DiBeri Nasihat...SuPaya BeruSaha...Tegas Dalam Pendirian..Taknak Terima Lah Pulak...
Gasak Kau lah...Asalkan BerBahagia henDAKnya...
* Tiada berKaitan Dengan Sesiapa. hanya Pandangan Penulis Sahaja*
Terima Kasih
Wasalam

Friday, April 20, 2007

--** Feeling Sick **--

Today, I felt sick. I started to get the symptoms yesterday. My throat was really painful. Sighz...Why must i get sick when im gonna take my leave from work. I had a full plan on the days that i took my leave, but yet i fell sick. I Even hate to Postpone my interview that im supposed to attend just now at 3pm. I dun Feel good and i dont want to make a bad impression to them. Thus, i called them and asked for postpone but the interviewer was not there. So they claim to return my call. Probably on Monday, i will give them a call again. I really hope they are sill interested in me attending an interview with them.

In the Afternoon, Kak Zie msg me..and i was told of the date of exam. Im so nervous and im lacking of confidence. Gosh, its been years that i did not take examinations..and hearing the words examination really makes me goosebumps. Sighz...

Ok so the planned for the upcoming Leave.

Sun (22th) - Uncle Shis Place for his Daughter Wedding. And Probably after that, i shall go out with Mal, but still not yet confirmed.

Mon (23rd) - TO Johor bahru With Enot & Nas.

Tue (24th) - To Jurong Swimming Complex with Zul & Fyza.

Wed (25th) - Interview again but still not sure - Probably will meet up Mardiana to practice my make up on her.I havent tell her yet, but hopefully boleh lah eh.

Haiz..I hope all my plans will go smoothly despite the fact im sick currently.Peace..

Sunday, April 15, 2007

I am feeling very pissed off with myself. I don’t even know why and what’s wrong. I don’t even know what the cause of it. Damn…I hate to be feeling this way. It’s like I don’t have any conclusion to this matter. Argh…can someone actually tell me what went wrong here?

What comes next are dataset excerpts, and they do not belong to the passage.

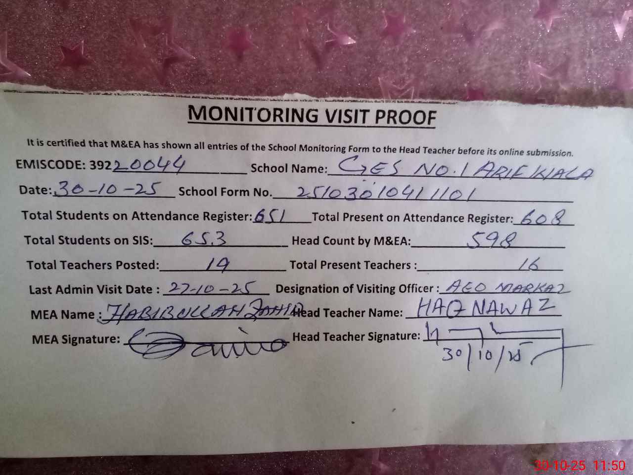 | EMIS Code: 39220044 | Name of School: GES NO. 1 ARIF WALA | |||
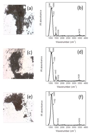 Photomicrographs, in white reflected light, and SR-FTIR spectra (average ± standard deviation) relative to the bulk areas of sample AZR3 ((a,b), respectively), AZR5 ((c,d), respectively) and AZR7 ((e,f), respectively). Average spectra (black line) have been obtained averaging 30, 40 and 18 sampled points within the shown areas for AZR3, AZR5, and AZR7 samples, respectively. Standard deviation of the spectra is graphically represented as light grey shadowed areas.
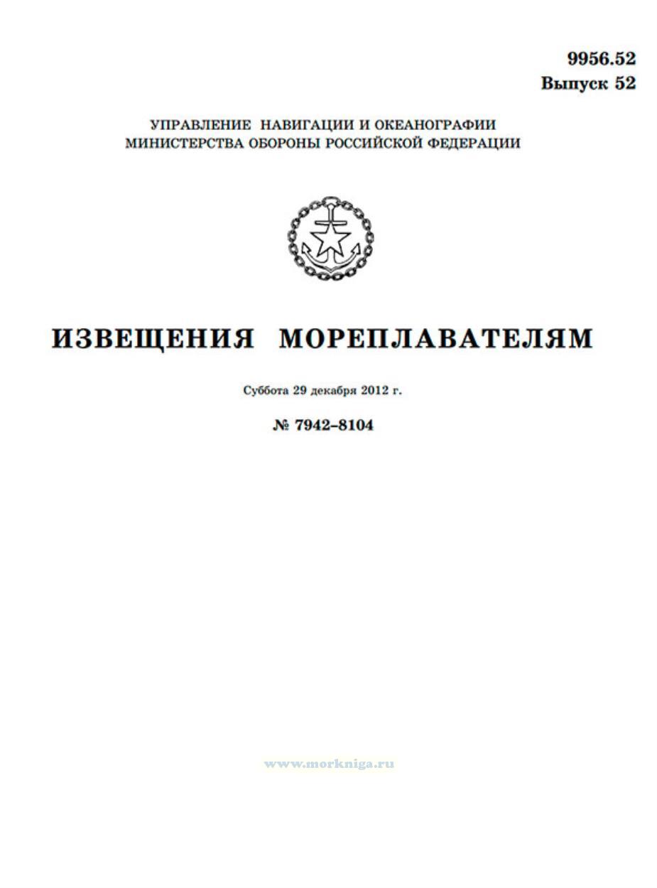 • Извещения мореплавателям. Выпуск 52. № 7942-8104 (от 29 декабря 2012 г.) Адм. 9956.52
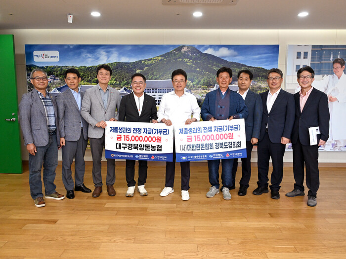 12일에는 (사)대한한돈협회 경북도협의회와 대구경북양돈농협가 경북도청을 방문해 저출생 극복 성금 3,000만원(한돈협회 15,00만원, 양돈농협 1,500만원)을 전달했다.
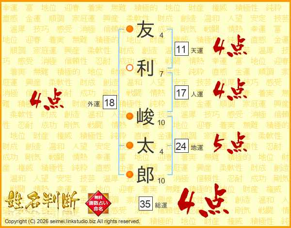 友(4画)利(7画) 峻(10画)太(4画)郎(10画)
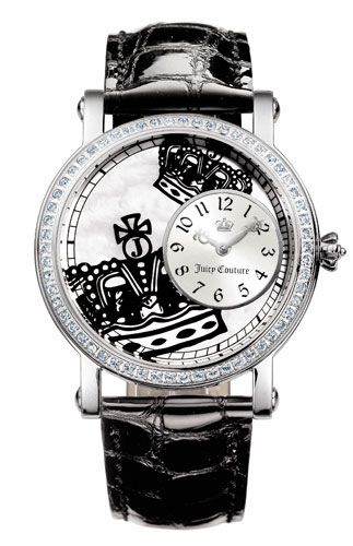 这款Juicy Couture 手表用皇冠图案作为设计基础,配衬黑色压纹真皮皮带,最独之处是时分盘靠右放置,加上品牌独的G & P 指针,充满创意玩味,表圈镶满闪烁施华洛世奇水晶,夺目而充满少女味道, 珍珠贝母表盘上的皇冠图案同时立体地演绎于表冠上, 非常可爱。
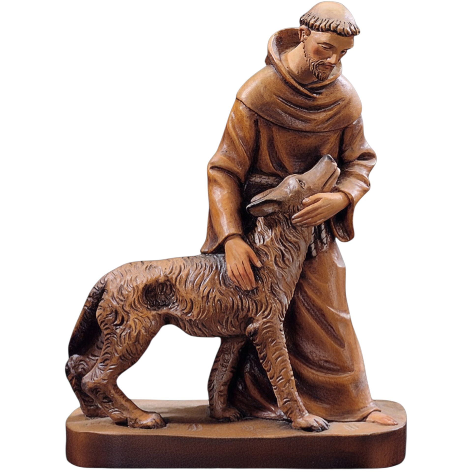 Hl. Franziskus mit Wolf | Holzfigur geschnitzt | Schutzpatron der Tiere
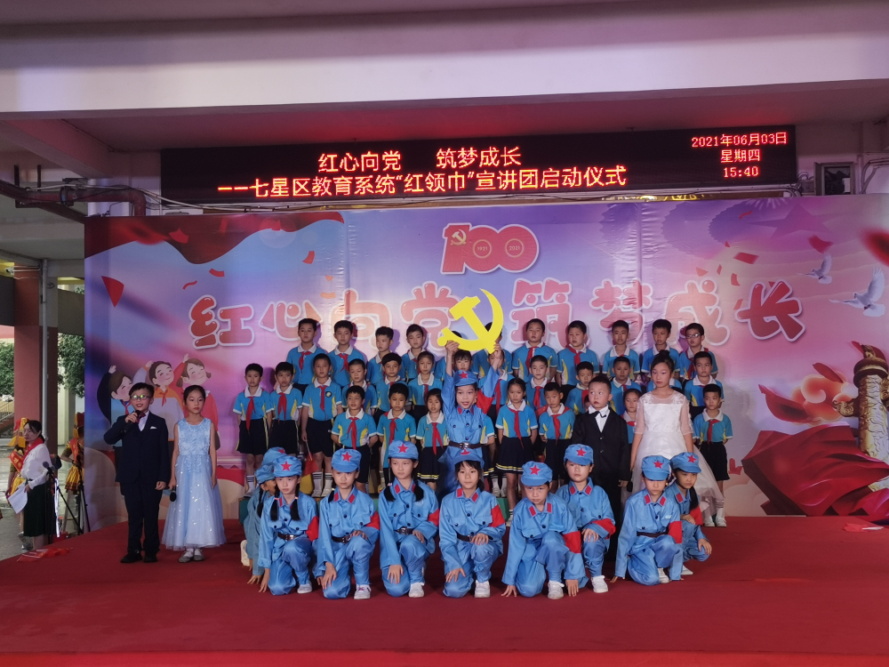 據七星區教育局主要負責人介紹,今年以來,七星區教育局通過黨建帶團建、帶隊建的形式,廣泛開展各式各樣豐富的「從小學黨史 永遠跟黨走」黨史學習教育進校園活動。各學校以「紅領巾」為主體,各校的優秀少先隊員組成「紅色」黨史講解員隊伍,利用思政課、班隊會等時間,根據學生各年齡段特點,生動鮮活講好中國共產黨的故事,引導轄區廣大青少年以實際行動參與黨史學習教育,親身感受紅色歷史。(歐陽萍 王亞東)
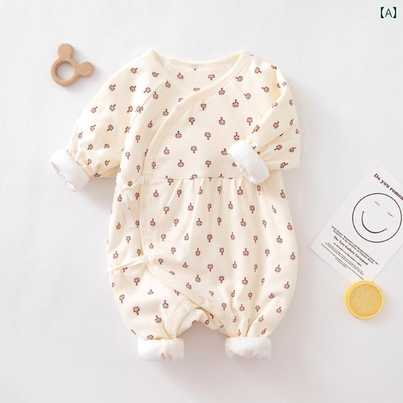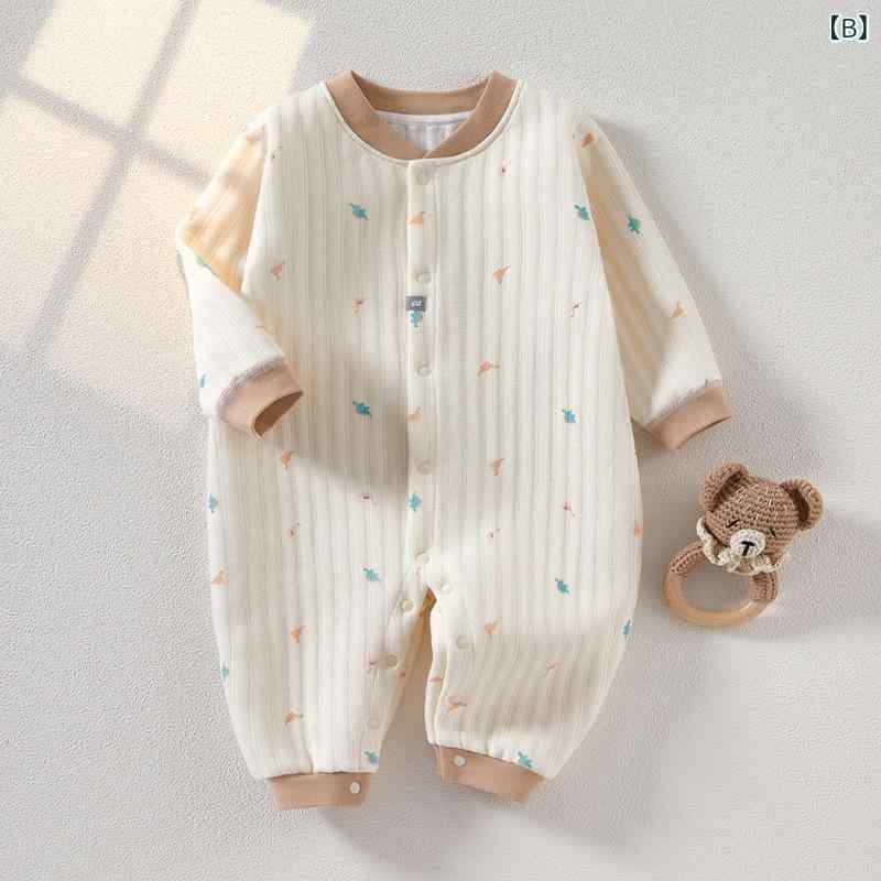 ロンパース ベビー カバーオール 長袖 綿 コットン 三層保温 無縫製 秋冬 ルームウェア パジャマ 乳幼児 男女兼用 赤ちゃん服 |
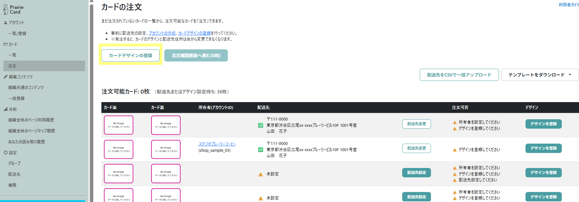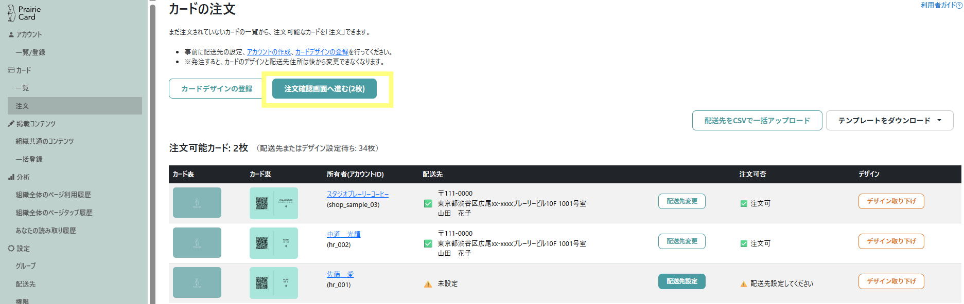 ※配送先未設定またはデザイン登録前のカードは注文に含まれません。
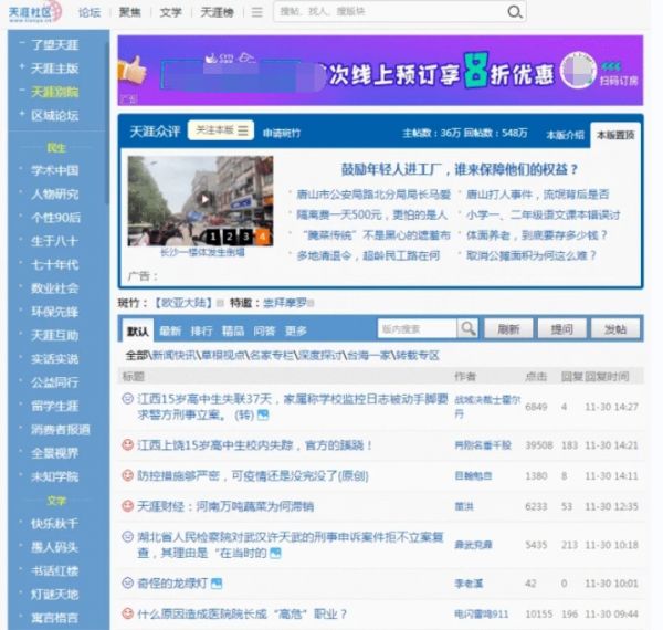 天涯社区是中国最早的一批网络论坛之一,创立于1999年,曾经拥有超过1.3亿的注册用户,是全球最大的中文互联网社区。天涯社区承载了很多网友的回忆,也曾经对社会进步和文化创作产生过巨大的影响。
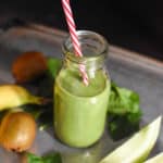 Here is a fruity green treat that is sure to be a favourite: my kiwi honeydew smoothie recipe! Kiwi gives it that tart, zippy, fruity taste, and honeydew is sweet, cool and refreshing. Banana adds a little extra sweetness to offset the kiwi, thickening the whole thing a bit, and then the addition of spinach gives the whole thing some extra nutrition and colour.

Gosh. This internet is also getting very bored. Someone please give me some website to view. Once upon a time, internet was really the IN thingy. I or WE (the internet addicts) could actually sit in front of the computer for hours and surf all day long without even acknowledging other people and our meal times. I still remember when I was during the teenage times; Internet is like the World to me. Right after school, I’ll dump my bag on one side and log in to the internet neglecting about changing and washing up. Now, what happened? No More of the IN thingy. Everything has soared. Currently, I am only looking forward to MSN, particularly of course with the "gerek" people. But At times, it also does bore me off. Friendster - at times the things I saw in it hurts me real Bad. AnakMelayu - I am already tired with the "Hi ...Can u intro?" MIRC - Woah...Cerita lama…been like ages I did not go there and yeah...There are a lot of sex maniacs there. Multiply - Something that interest me a bit now with a lot of Mak Andams there and I could actually view their makeup practice. My Space - use to frequent there because Rasul was there. But now ever since he Neglect me there, even now at the present. I totally lost interest in that place.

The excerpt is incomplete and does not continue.